Note: $∆$ = effect size. F = fisher's exact test. Z = asymptotic z‐test. J = single‐stage Jung's test. B = Barnard's unconditional test. mJ = modified Jung test with balanced sample size.

When $π_{0}$ > 0.50, the modified Jung test is still more efficient than Jung's single‐stage and Fisher's exact tests (reductions in n of 9.7% to 32.1% and 6.2% to 17.4%, respectively). These results, on conjunction with the controlled type I error rates (for a properly or poorly defined $π_{0}$ ), indicate that the modified Jung test is preferable over the other approaches for scenarios where $π_{0}$ ≥ 0.50.

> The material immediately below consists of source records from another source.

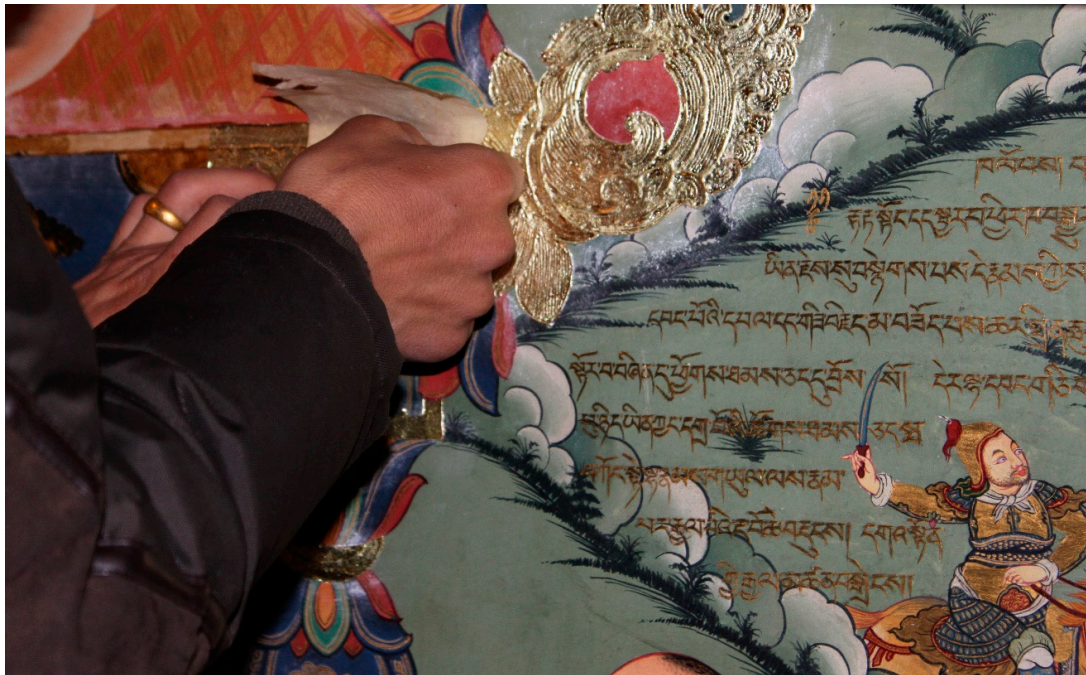
Figure 3. A painter gilding his wall painting, Ramoche Temple, Lhasa, Tibet.

artistic production has for Tibetans. The artists, in fact, are not simply creating aesthetically valuable works; they are also giving a worldly body to the Buddhist deities.
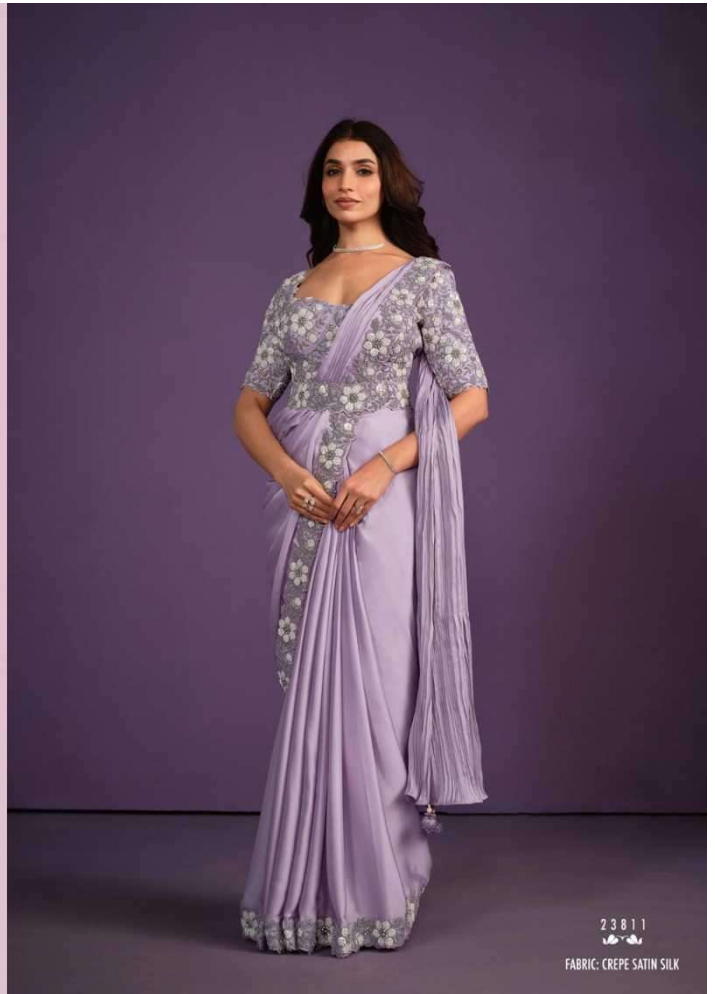
23811 FABRIC: CREPE SATIN SILK
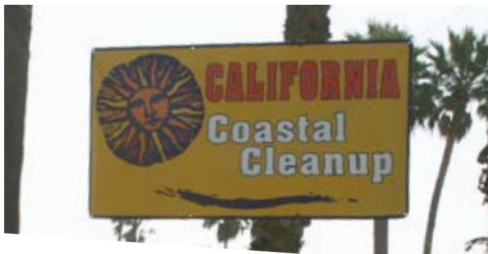
The California Coastal Cleanup taking place across the state is the State's largest volunteer event.

Every year, on the third Saturday in September, people join together at sites all over California to take part in the State's largest volunteer event, California Coastal Cleanup Day. In 2015, nearly 68,000 volunteers removed more than 1,143,000 pounds of trash and recyclables from California's beaches, lakes, and waterways. Families, friends, coworkers, scout troops, school groups, service clubs, and individuals come together to celebrate and share their appreciation of California's fabulous coast and waterways. The event is part of the International Coastal Cleanup, organized by the Ocean Conservancy, which is the largest volunteer event on the planet!
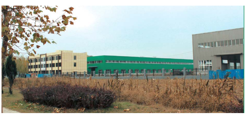
No. 2 Factory: Centrifuge & Pumps Manufacture

The Jung type tests are generally more efficient than Barnard's unconditional test across all scenarios. The modified Jung test tends to achieve a type I error rate closer to the specified level as compared to Barnard's test, which may explain the improved efficiency.

4. ILLUSTRATIVE EXAMPLE

As a real‐world illustration of the modified Jung test, we consider a randomized phase II trial of the addition of Bevacizumab to chemotherapy in the treatment of acute myeloid leukemia. ¹⁹ In this study, the complete response (CR) rate was compared between the chemotherapy alone and chemotherapy plus Bevacizumab arms using Fisher's exact test. The historic CR rate for the chemotherapy alone arm was 55%, while they expected a 15% increase by adding Bevacizumab. The study design (n = 85 per arm) achieved only 72.1% power at a one‐sided significance level of 0.10. The study enrolled a total of n = 171 evaluable subjects over 30 months and concluded that there was no statistically significant difference in the CR rate.

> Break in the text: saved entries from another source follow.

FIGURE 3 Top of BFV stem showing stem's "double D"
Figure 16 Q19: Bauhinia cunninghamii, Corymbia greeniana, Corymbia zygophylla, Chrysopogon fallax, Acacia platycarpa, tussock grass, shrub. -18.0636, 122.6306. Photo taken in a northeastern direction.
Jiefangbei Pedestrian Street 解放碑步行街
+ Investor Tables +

A study design based on the modified Jung test would require only n = 72 subjects per arm and enrollment could be completed in approximately 25.3 months (assuming similar enrollment rates); a significant savings in both cost (approximately $1,547,000 in savings based on recent cost estimates ⁹ ) and time. The study designs based on Jung's single‐stage or Barnard's tests would require only n = 80 or n = 73 subjects per arm, respectively. An efficiency over Fisher's exact test, but less efficient than that of the modified Jung test.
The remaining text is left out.